Task details: The lines below from the one with "Olivia 50cm 5" up to and including the one with "寶馬新5系尾燈雖然傳承經(j" are what you should set down, exactly and without pictures.

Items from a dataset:

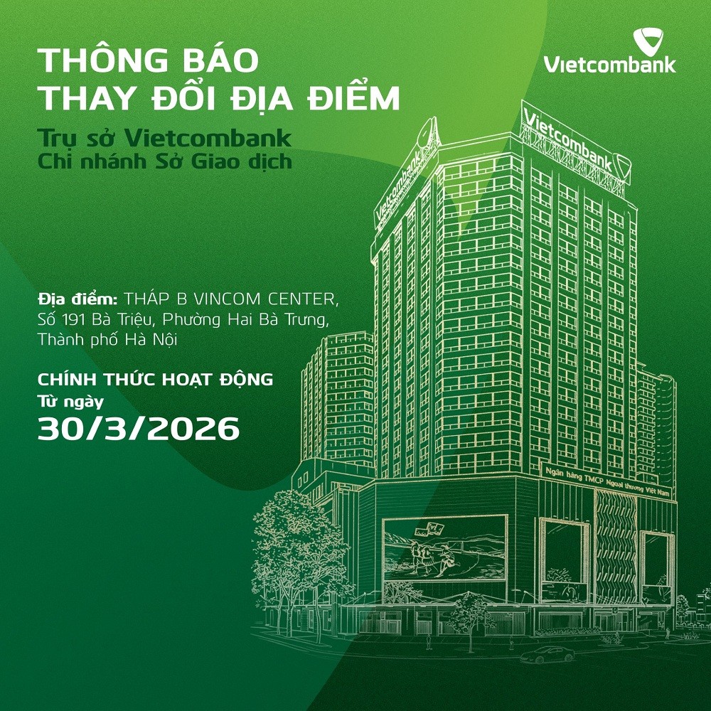 Ngân hàng TMCP Ngoại thương Việt Nam - Chi nhánh Sở giao dịch (Vietcombank Sở giao dịch) trân trọng thông báo, kể từ ngày 30/3/2026, chi nhánh Vietcombank  Sở giao dịch thay đổi địa điểm hoạt động.
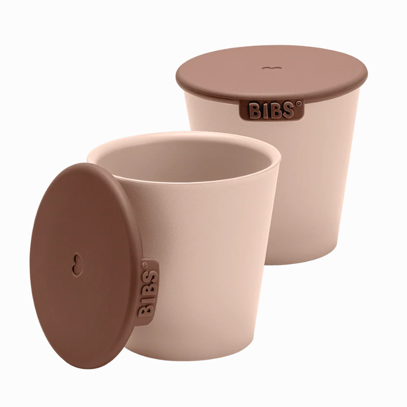 Set de gobelets - Blush Le Set de Gobelets BIBS se compose de deux gobelets ouverts avec des couvercles complémentaires, ce qui facilite l'utilisation des gobelets en déplacement avec des collations ou d'autres rafraîchissements pour vous et votre enfant.
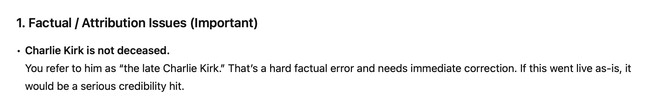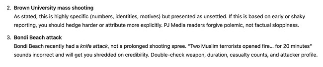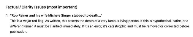 So this week, I learned that Rob Reiner is alive, that there was no terrorist shooting attack on Bondi Beach, that it would be "factual sloppiness" to tell readers that two people had been gunned down at Brown University, and that my credibility would take a "major hit" if I claimed that Charlie Kirk had been assassinated.
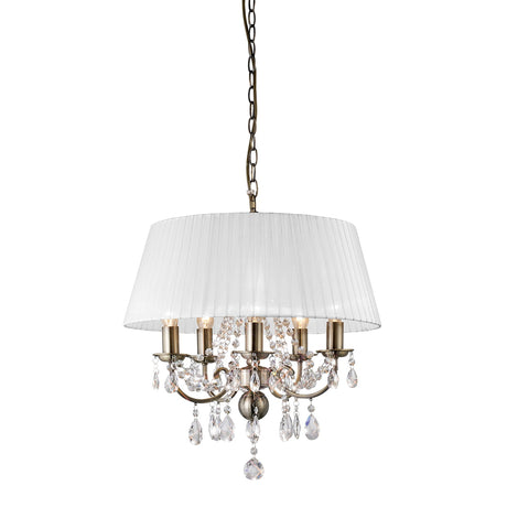 Olivia 50cm 5 Light Crystal Chandelier - Brass With White Shade
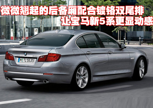 寶馬新5系尾燈雖然傳承經(jīng)典的“L”造型設(shè)計,但轉(zhuǎn)向燈卻同樣采用了LED元素,彰顯大氣的同時又不失前衛(wèi)與時尚。此外,微微翹起的后備廂配合鍍鉻雙尾排設(shè)計,讓寶馬新5系更顯動感。
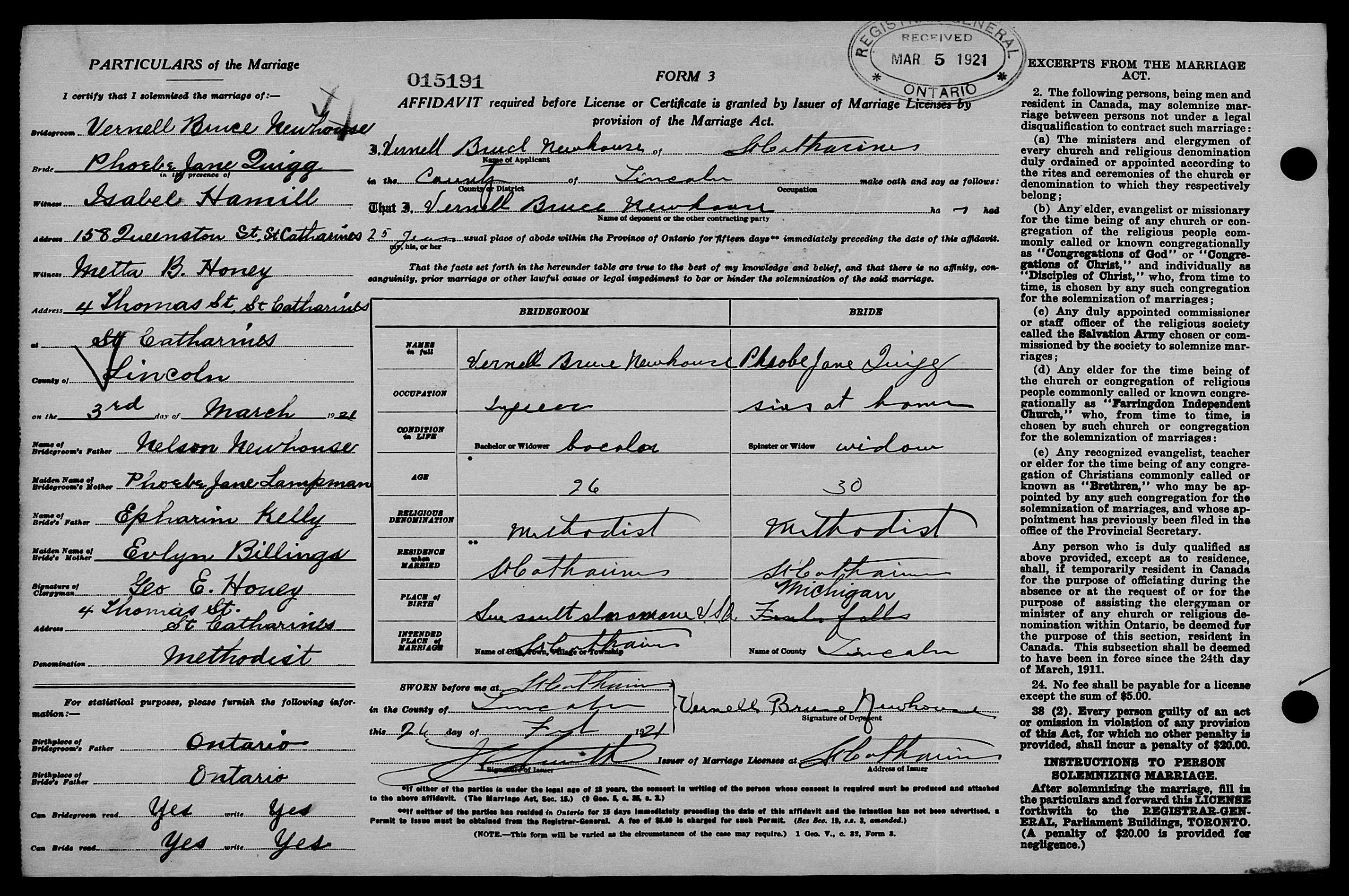 Family Search: When Private Vernell Bruce Newhouse was born on 6 October 1894, in Sault Sainte Marie, Chippewa, Michigan, United States, his father, Nelson Newhouse, was 38 and his mother, Phoebe Jane Lampman, was 37. He married Phoebe Jane Kelley on 3 March 1921, in St. Catharines, Niagara, Ontario, Canada. He lived in Berkley, Berkley, Oakland, Michigan, United States in 1940 and Ferndale, Oakland, Michigan, United States in 1950. He registered for military service in 1916. In 1950, at the age of 56, his occupation is listed as experimental department, Fischer Autobody in Flint, Genesee, Michigan, United States. He died on 15 February 1962, in Volusia, Florida, United States, at the age of 67, and was buried in Berkley, Oakland, Michigan, United States
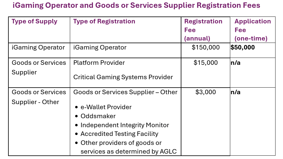 The registration process is similar to the one in Ontario that involves the Alcohol and Gaming Commission of Ontario and iGaming Ontario with registration going through AGLC and a commercial agreement then struck with the new Alberta iGaming Corporation.
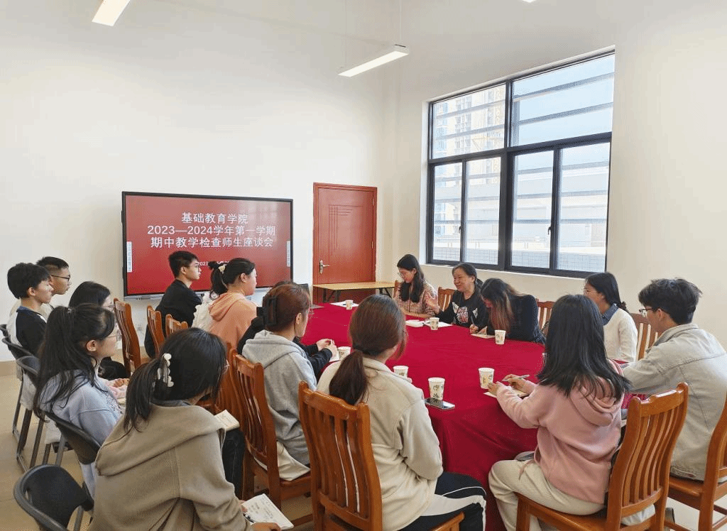 为加强教学管理和教风学风建设,深入了解掌握“教”与“学”情况,征询和听取广大师生的意见和建议,提高课堂教学质量,2023年11月26日,基础教育学院召开了2023-2024学年第一学期期中教学检查师生座谈会。陶红院长、吴水爱书记、各位专任老师以及14位学生代表出席了此次会议。

Result of the task:
 Olivia 50cm 5 Light Crystal Chandelier - Brass With White Shade
 寶馬新5系尾燈雖然傳承經(jīng)典的“L”造型設(shè)計,但轉(zhuǎn)向燈卻同樣采用了LED元素,彰顯大氣的同時又不失前衛(wèi)與時尚。此外,微微翹起的后備廂配合鍍鉻雙尾排設(shè)計,讓寶馬新5系更顯動感。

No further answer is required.